So, my estimate to solve the problem is simply this (tell me if I'm wrong)

Eastern longitudes, LHA= GHA (whole degree's) + ApL (whole degrees) + 1

The problem above could be easily solved like this-  LHA= 336° + 25° + 1° (minus 360°) = 2°

Any ideas about this?

Gentlemen, 

maybe something of an interest for you. I  kinda wrote a formula  which  maybe  useful.  MAybe;>  It can  be used to get a running  fix from bow  and beam relative bearings.

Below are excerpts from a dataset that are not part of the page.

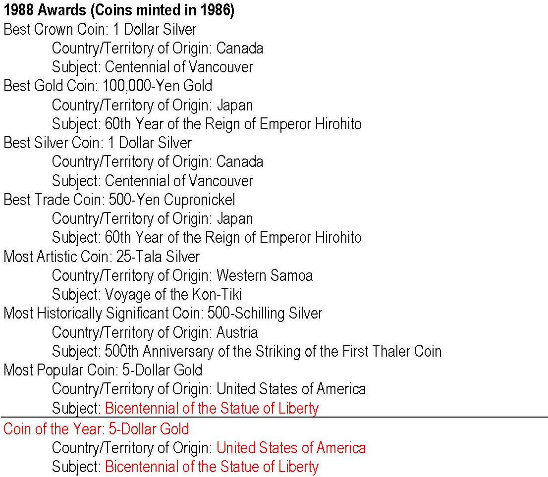 - anul 1988 cu monedele având nominal 1986; cu roşu: câştigătorul Coin of the Year -
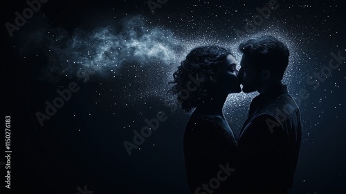 silhouette, couple, kissing, cosmic, starry, sky, romance, connection, love, intimacy, abstract, artistic, star, space, universe, bonding, together, dreamlike, celestial, oneness, inspiration, night, passion, beauty, harmony, calmness, mystery, serene, aethereal, peaceful, inspiring, tender, creative, infinite, deep, emotional
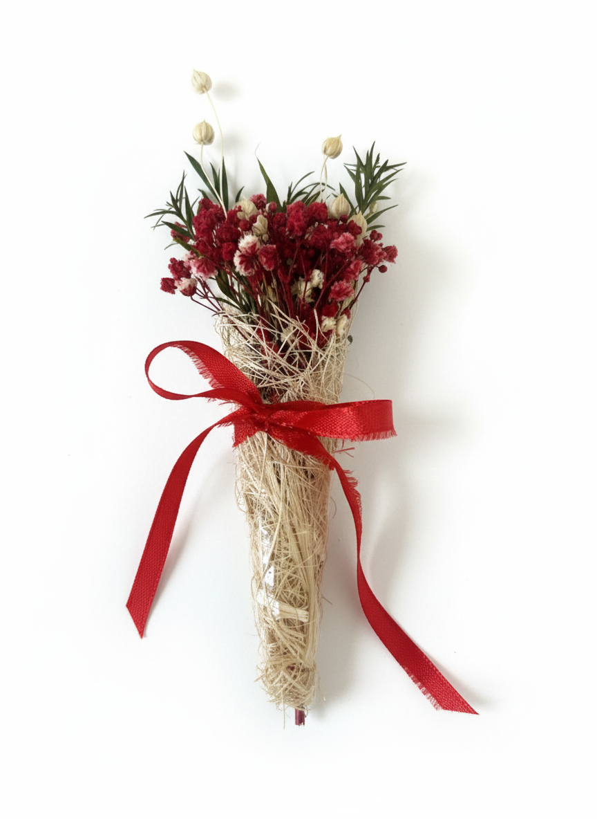 Introducing the Small Bunch, an elegant arrangement featuring a single Carnation, a sprig of Wheat, a Baby Dollar, a dash of Gypso, and a touch of Cyprus. Perfect for adding a touch of natural beauty to any space.

It is well-known  procedure.  But  to speed up  calculations,   there are so-called method  of double angles and 0.7, and also distance travels equalls distance off.  Plus a few so-called special  angles , like 36 deg  bearing1 and 69 deg.  bearing 2.  In the last,  particular case distance travelled is equal  distance oiff the beam to  the object you are  taking bearing on.

Anyway, instead of using  just a few angles  why not  to use any angle at the first  bearing  and calculate what  angle should be  at the second bearing  if  you want  to  have distance travelled between bearings to  be equal  to  distance offf beam of that specific  object you took  bearings at.

a very simple drrawing is following.( see attachment).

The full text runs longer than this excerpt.